There is no reading comp problem on my part.  YOU might be susceptable to abuse from marketing and advertising because of math issues however...  

The only problem here,  is as you just pointed out,  there is no REAL NEED for this feature because it will not work for folks in highly urban settings or if they live in 60% of the geography of  America.   IDEALLY you COULD get about 20  solar miles a day.  IN REALITY, expect more like 15.   Not in the big city,  and in the burbs,  7 miles out and 7 miles back is not "average trip lengths. So my question to you is  Star  -----

How much more are you willing to PAY for this "feature???????


----------



## flacaltenn (Jan 12, 2014)

Hey Star..   Im not really trying to destroy any new brilliant ideas.. Truly im not.  Probably a Ford Cmax Hybrid is my next car...  BUT

Just found a better description of this solar version concept car..  I thought the lenses they were talking about were BUILT IN to the panels (ala Solyndra)   But in this article, theyy expllain the lenses are in a separate PARKING STRUCTURE    !!! !  !  

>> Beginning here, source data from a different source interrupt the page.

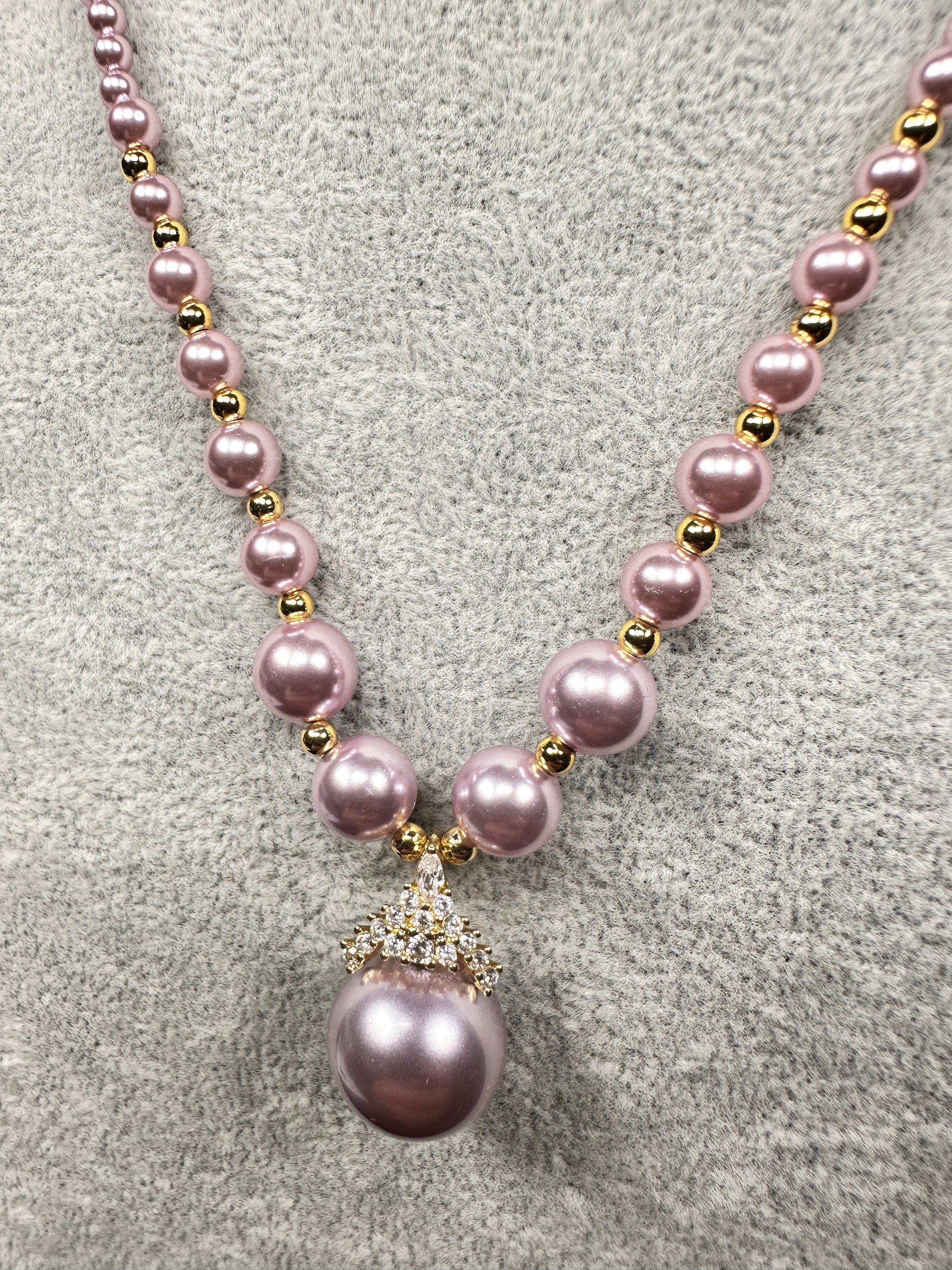 Violet Vertex · Lavender Pearl & Stone Pendant Necklace
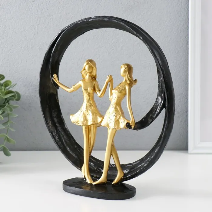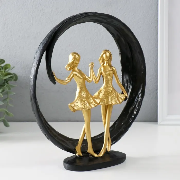 Сувенир полистоун "Две подружки. Абстракция" золото с чёрным 24,5х7х26,5 см — Характеристики
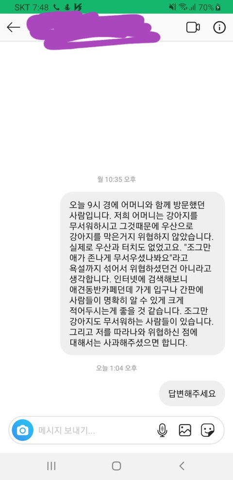 남자는 계속 “저 조그만 애가 존*게 무서우셨나봐요. 우리 애기다. 우산으로 강아지를 위협했다.” 이런 식의 말씀을 반복하셨습니다. 남자분은 다른 친구분들이 말려 들어가셨습니다. 저는 너무 놀라서 말을 못했고, 옆에서 다른 친구분들도 가시라는 말을 되풀이했습니다. 어머니가 “저 강아지도 누구는 무서워 할 수 있다, 강아지 싫어하는 사람도 있다”라고 친구분들에게 말하자 그분들은 “우리도 당신이 싫다”라는 말을 하시며 가셨습니다.
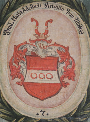 oben seitlich neben dem Äbtissinnenwappen, die anderen darunter

> http://mobile.extremetech.com/#/ele...-hybrid-car-can-charge-up-without-plugging-in
> 
> A Fresnel lens is a type of compact lens originally developed for use in lighthouses that acts as a magnifying glass. If you&#8217;re picturing a canopy of breakable glass ready to rain down on your car, think again. Frensel lenses are usually made from plastics like acrylic, so they are light and durable while also being cheap to make. When parked under the Fresnel lens canopy, the C-Max Solar Energi will track the sun and roll slowly backward or forward to keep the most intense area of solar energy concentrated on the panels.
> 
> Ford says that using this system the car can gain the equivalent of a four-hour plug-in charge (about 8 kilowatts) over the course of the day.*



I only looked it up because the charging rate didnt make sense for the panel size.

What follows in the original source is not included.